* **TASK STATEMENT**: In the records below, the relevant part opens with the line containing "Cette image en" and closes with the line containing "宣璐晒古装照宛如仙子抱兔子笑容甜美温柔端庄"; print that part exactly and only, without its pictures.

* **GIVEN RECORDS**:
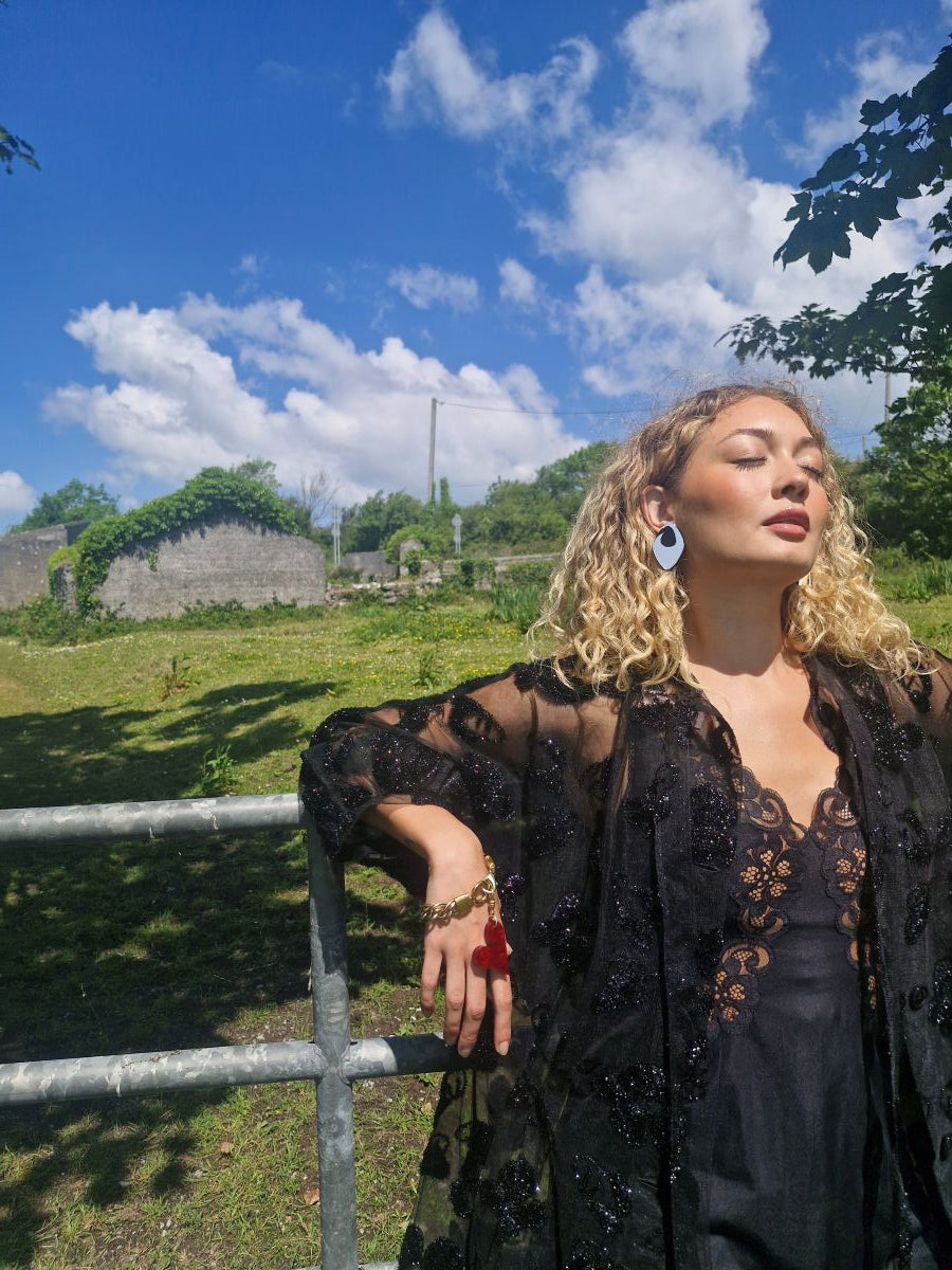 Introducing the new eve ray collection - Vintage Love. This new collection is inspired by designer, Maeve Barry's love of vintage costume jewellery and inspired by family and friends who shaped that obsession. The 'Bee' earrings are inspired by Maeve's grandaunt 'Bee', who's love for costume jewellery and pearls brought glamour to every family gathering. These earrings are as big as her personality!
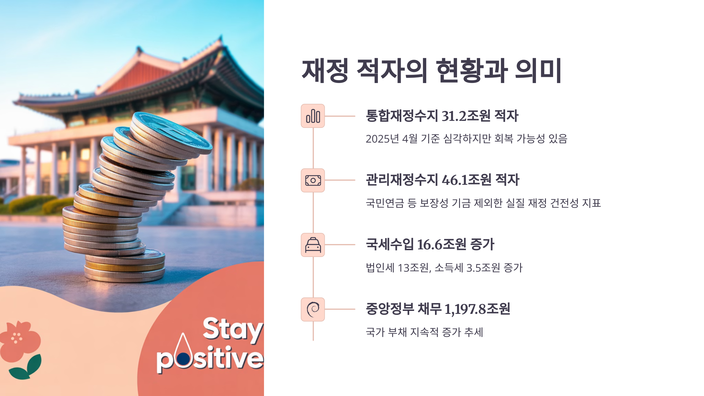 한 달 벌어 한 달 살기도 빠듯한 요즘, 나라살림 적자라는 뉴스는 먼 이야기 같지만 사실 우리 삶에 직결된 문제입니다. 특히 '재정적자'라는 단어는 주식시장부터 금리, 세금까지 전방위로 영향을 미치죠. 최근 발표된 기획재정부의 자료에 따르면 2025년 1~4월 누계 적자가 46조1000억 원, 역대 세 번째 규모로 나타났습니다.
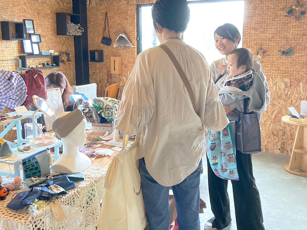 なおこさん「『ゆずりゆーず』はおゆずりがメインの活動ではありますが、ボランティアで関わってくれる方々の中には特技や好きな事があったり「これから何かやってみたい」という思いをもつママさんが多くいます。そういう方々を応援したいので、そんなママさん達の活躍や挑戦の場にもできたらと思ってます。そんな思いから、毎回おゆずり会のとなりでミニマルシェを開いています。来てくれた方にはおゆずり会だけでなくそのマルシェも楽しんでもらいたいし、出店するママさんはお客さんとの交流で自分のやりたいことを更に発展させられる場になればと思います。単体では拡がりに限界がある活動でも、『ゆずりゆーず』の場を使って欲しいです。
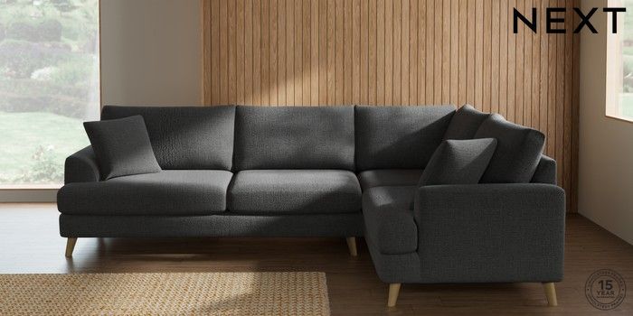7.2.10 Parker Large Corner Sofa - Right Hand Chunky Texture Dark Grey Low Retro Tapered - Light | Made Click here to use our website with more accessibility support, for example screen readers
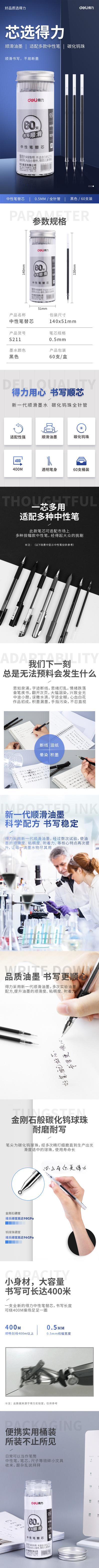 Compra Recambio de tinta neutra Deli S211 Stationery 0.5, color negro, 60 barriles, para estudiantes, oficina, bolígrafo de aguja completa al por mayor en Joom.pro
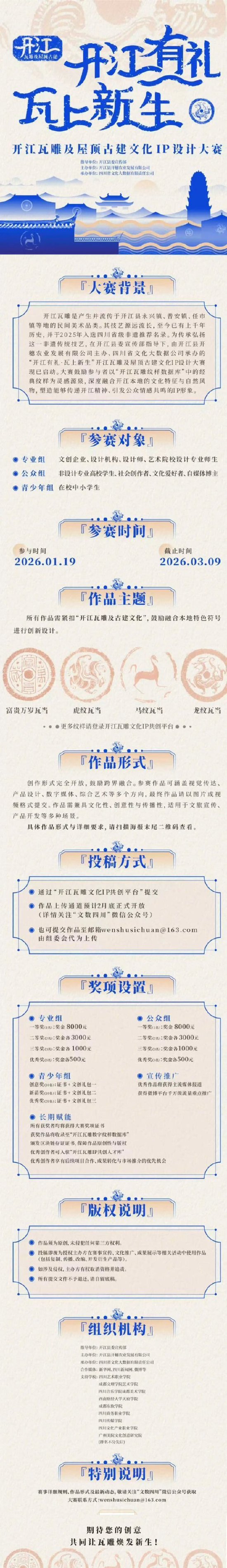作品征集时间为2026年1月19日至2026年3月9日。参赛者可选择以下方式提交:线上提交——通过“开江瓦雕文化IP共创平台”上传(预计2月底开放,详情关注“文数四川”微信公众号);邮箱提交——将参赛作品以压缩包形式发送至大赛官方邮箱:wenshusichuan@163.com,邮件请注明参赛组别与作品名称,作品由组委会代为上传。
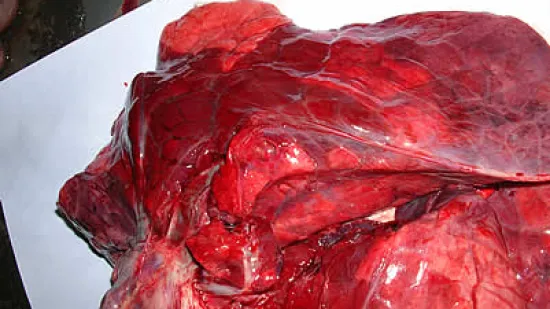 Cette image en coupe transversale d'un poumon de porc est caractéristique d'une pneumonie provoquée par:
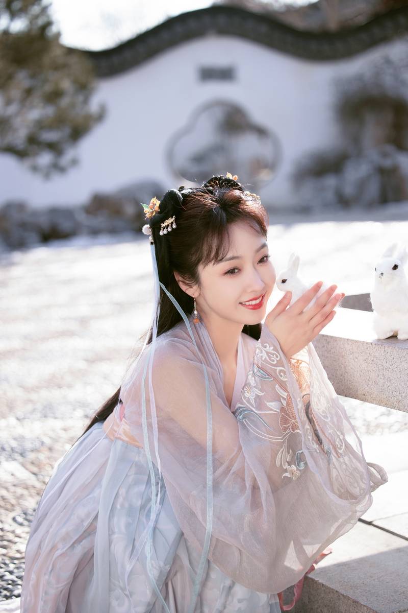 宣璐晒古装照宛如仙子抱兔子笑容甜美温柔端庄
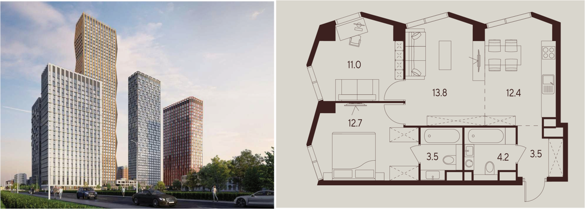 У проекта хороший потенциал роста: прогноз стоимости на ключах — 51–53 млн ₽. Хотя клиент сейчас и рассматривает этот сценарий, но в аренде ставка за такую квартиру будет в диапазоне 190 000–210 000 ₽ в месяц. То есть объект будет ликвидным активом с сильной экономикой.
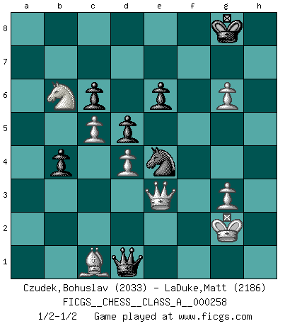Last move : 1/2-1/2 2022 August 19 22:23:52 [Event "FICGS__CHESS__CLASS_A__000258"] [Site "FICGS"] [Date "2022.04.30"] [Round "1"] [White "Czudek,Bohuslav"] [Black "LaDuke,Matt"] [Result "1/2-1/2"] [WhiteElo "2033"] [BlackElo "2186"] 1.d4 Nf6 2.c4 c6 3.Nf3 d5 4.e3 Bf5 5.Nc3 e6 6.Nh4 Bg6 7.Be2 Nbd7 8.O-O Be7 9.g3 a6 10.Qb3 b5 11.c5 a5 12.Nxg6 hxg6 13.f4 Ng8 14.Kg2 f5 15.h4 Ndf6 16.Rh1 b4 17.Na4 g5 18.Nb6 Ra7 19.hxg5 Rxh1 20.Kxh1 Ne4 21.Bf3 Bxg5 22.Kg2 Ngf6 23.Qa4 Qc7 24.a3 bxa3 25.Rxa3 Kf8 26.b4 g6 27.Qd1 axb4 28.Rxa7 Qxa7 29.fxg5 Nxg5 30.e4 Nxf3 31.exf5 Qa2+ 32.Kxf3 Ne4 33.Qe2 Qb3+ 34.Qe3 Qd1+ 35.Kg2 Kg8 36.fxg6 Qc2+ 37.Kf3 Qd1+ 38.Kg2 1/2-1/2 Queen's pawn game Kingside Castling by player White (move 8) This chess game ended in a draw. Follow this game move after move (download)Whoever sees no other aim in the game than that of giving checkmate to one's opponent will never become a good Chess player. (Euwe) Darum geht es im Schach. Einen Tag gibst du deinem Gegner eine Lektion, am nächsten Tag gibt er dir eine. (Robert James Fischer) Un Peón pasado es un criminal, quién debe ser mantenido bajo candado y llave. Leves medidas, tales como vigilancia policiaca, no son suficientes. (Aaron Nimzovich) Il s'avisa de me proposer d'apprendre les échecs qu'il jouait un peu... me voilà forcené des échecs. J'achète un échiquier, je m'enferme dans ma chambre, j'y passe des jours et des nuits à vouloir apprendre par cur toutes les parties. (Jean-Jacques Rousseau, Confessions) I fear not the man who has practiced 10,000 kicks once, but I fear the man who has practiced one kick 10,000 times. (Bruce Lee)
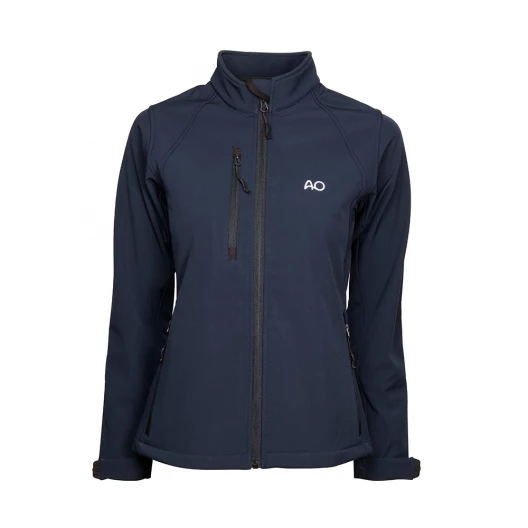 Ladies 3-layer softshell jacket. Water repellent (5,000mm water column), windproof and breathable, zipper with rain flap and protection on the collar, chest pocket with zipper, microfleece lining bonded to the outer material (3-layer), 40 ° washable, do not use fabric softener.

* **TASK RESULT**:
 Cette image en coupe transversale d'un poumon de porc est caractéristique d'une pneumonie provoquée par:
 宣璐晒古装照宛如仙子抱兔子笑容甜美温柔端庄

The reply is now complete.